CT enterography (CTE)/enteroclysis

CT enterography (CTE) has high sensitivity and specificity (up to 100%) for detecting small bowel strictures ¹³ , ¹⁶ and the use of oral and intravenous (IV) contrast improves its detection rate (Figure 1). The use of neutral or low‐density contrast, either orally (enterography) or by nasoenteric tube (enteroclysis), allows for superior small bowel wall identification and characterization compared with standard high attenuation enteric CT contrast. Computed tomography is almost universally available, has fast examination time, and relatively low cost. In healthcare systems that apply a Beveridge model (e.g., the United Kingdom, Spain, New Zealand, Veterans Health Administration in the United States [U.S.], etc.) or a Bismarck model (e.g., Germany, Belgium, Japan, some employer‐based healthcare plans in the U.S. etc.), CT is readily available. In contrast, long waiting lists and delays in imaging might be expected in national health insurance models (e.g., Canada, Taiwan, South Korea, Medicare in the U.S.). Further, CT is available to those who can afford it in systems with out‐of‐pocket models such as those predominant in less‐developed (e.g., India, China, Africa, South America), as well as uninsured or underinsured populations in the U.S. Despite the U.S. having elements of all of the above models, CT overall is highly accessible and easily approved where pre‐certification from insurance companies is required. ¹⁷ Finally, the use of CT technology has to be weighed against recurrent radiation exposure risks. ¹³ Based on theoretical epidemiological data, cumulative effective doses of as low as 50 millisieverts (the equivalent of five CT abdomen and pelvis scans) are presumed to cause potentially harmful radiation exposure consequences such as solid tumor development. According to several studies, about 5%–34.7% of CD patients receive such high doses of radiation exposure, largely driven by CT imaging. The creation of IBD radiation diaries has been proposed to improve physicians' recognition of patients' total radiation exposures. ¹⁸ Nonetheless, when the clinical presentation of the patient demands a rapid assessment, then CT remains the most readily available and consistent means of evaluation.

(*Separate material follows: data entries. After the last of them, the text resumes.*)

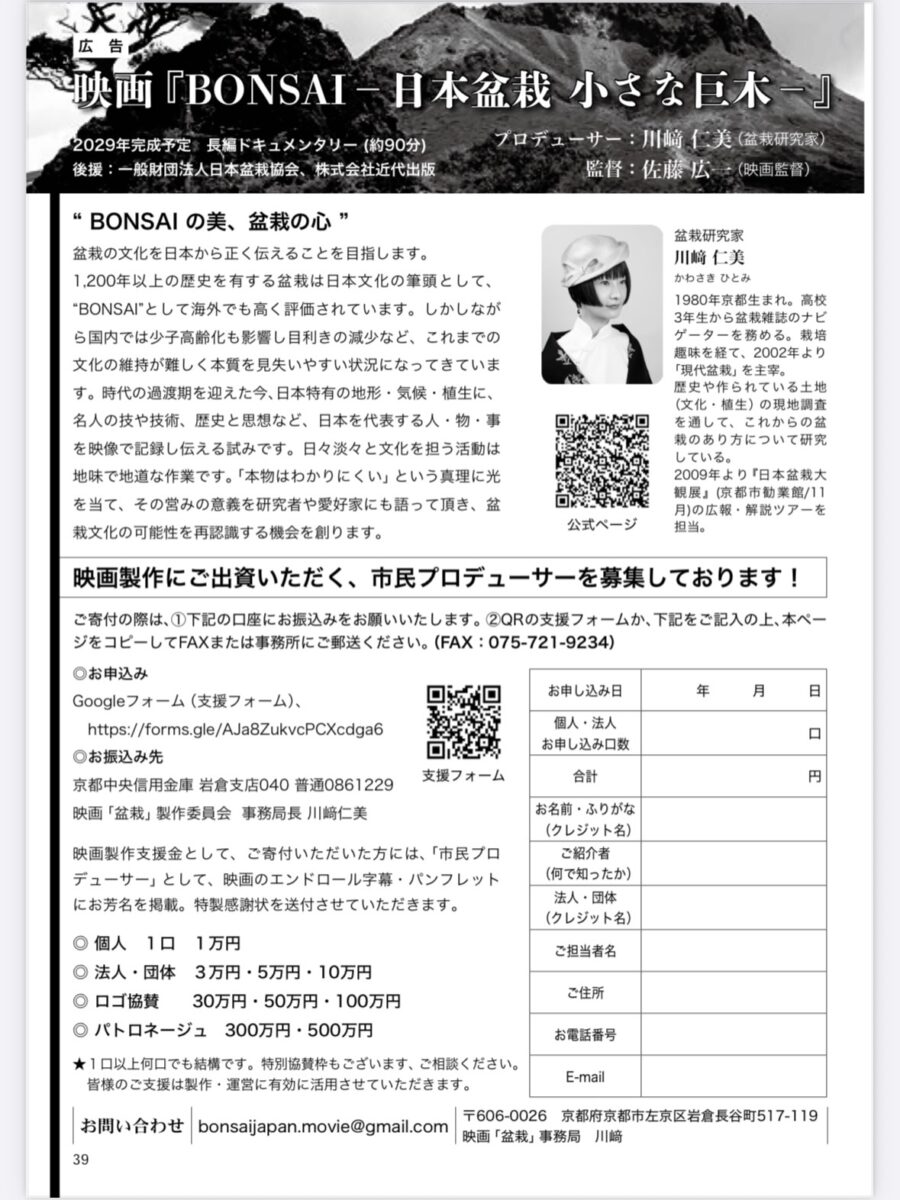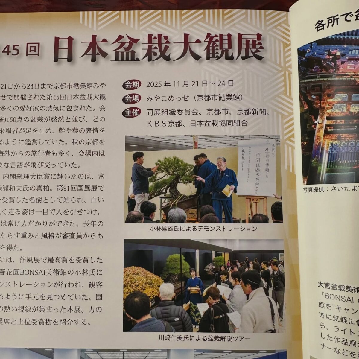 映画『#BONSAI 』の市民プロデューサー募集の広告と、「第45回日本盆栽大観展」京都新聞さん企画、日英同時通訳の解説ツアーの様子を掲載いただきました。昨年は
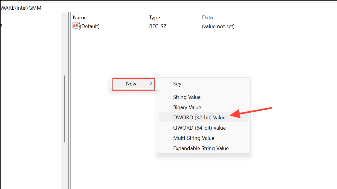 Step 4: Inside the GMM folder, right-click the blank area and select New > DWORD (32-bit) Value. Name this value DedicatedSegmentSize.
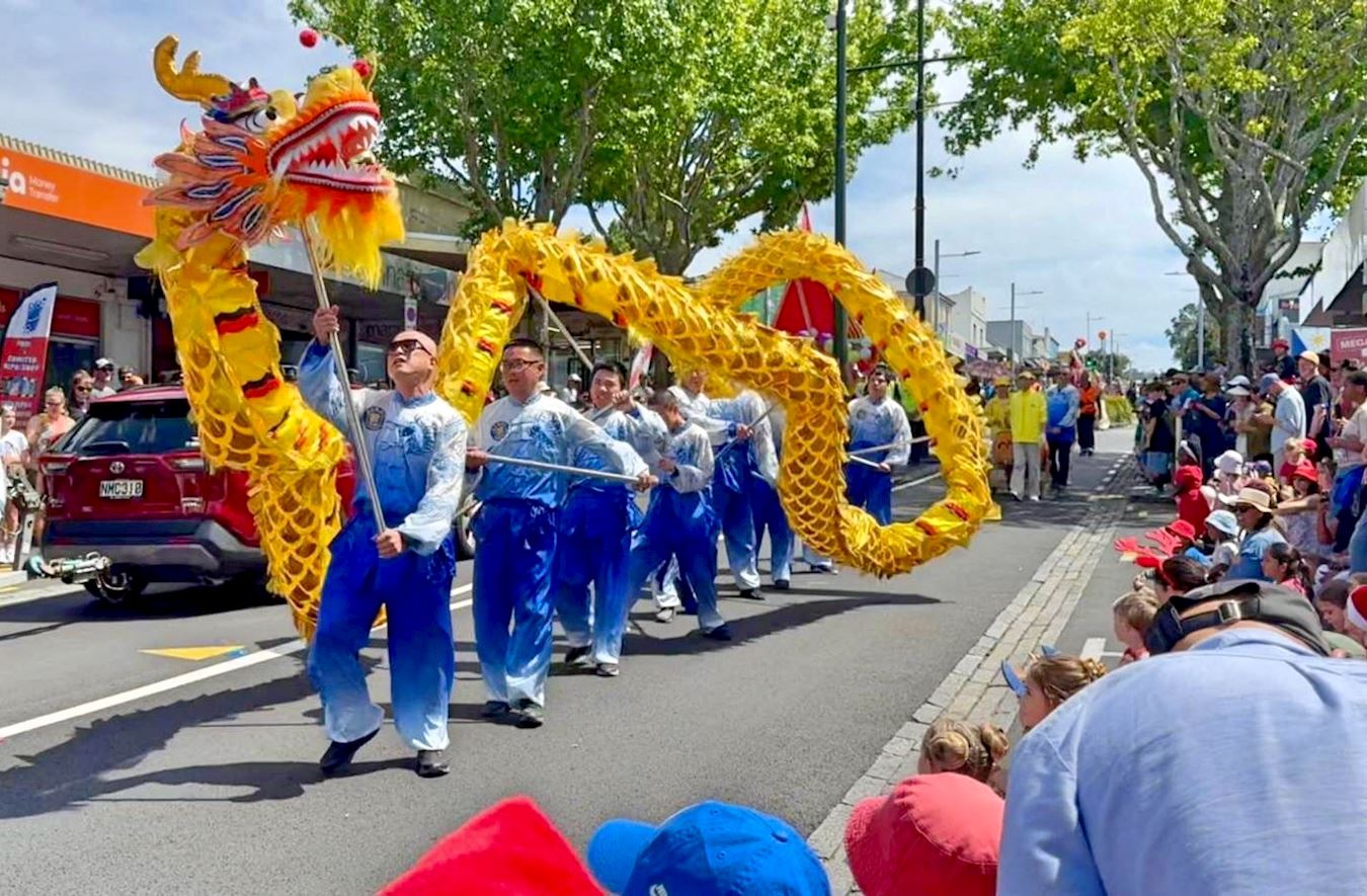 گروه رقص اژدها در ۲۲نوامبر۲۰۲۵، در راهپیمایی کریسمس در اونیهونگا (آوکلند) شرکت کرد.

Representative computed tomography (CT) enterography imaging of a Crohn's disease stricture. (a) Neo‐terminal ileum (terminal ileum (TI)) Stricture. Axial, post contrast enhanced CT enterography of a neo‐TI stricture (arrow) demonstrates stratified mural hyperenhancement, wall thickening and luminal narrowing. (b) Neo‐TI Stricture. Coronal, post contrast enhanced CT enterography of a neo‐TI stricture (arrow) demonstrates stratified mural hyperenhancement, wall thickening and luminal narrowing. (c) Upstream Dilation Proximal to Neo‐TI Stricture. Coronal, post contrast enhanced CT enterography proximal to neo‐TI stricture demonstrates upstream dilation to 4.1 cm (arrowhead).

MR enterography (MRE)

The sensitivity and specificity ranges of MR enterography (MRE) for stricture detection are essentially equivalent to those of CTE, with 75%–100% and 91%–96%, respectively (Figure 2). ¹³ , ¹⁹ , ²⁰ In addition, MR Exams include multiphasic acquisitions over 20–25 min of time; this longer duration allows for assessing if the lumen stays consistently narrow with consistent upstream dilation or stasis, thus adding another layer of certainty that a stricture is present. Given its accuracy and lack of ionizing radiation exposure, the CONSTRICT group recommended MRE as the ideal test for assessing and following‐up on CD strictures. ¹³ However, MRE is time‐consuming, expensive, not universally available and may cause significant discomfort to claustrophobic patients. Although a significant MR scanner density is observed in economically developed countries such as in Europe, a critical access limitation still exists in countries of Asia and Sub‐Saharan Africa. Additionally, in the U.S., pre‐certification from insurance companies remains more challenging.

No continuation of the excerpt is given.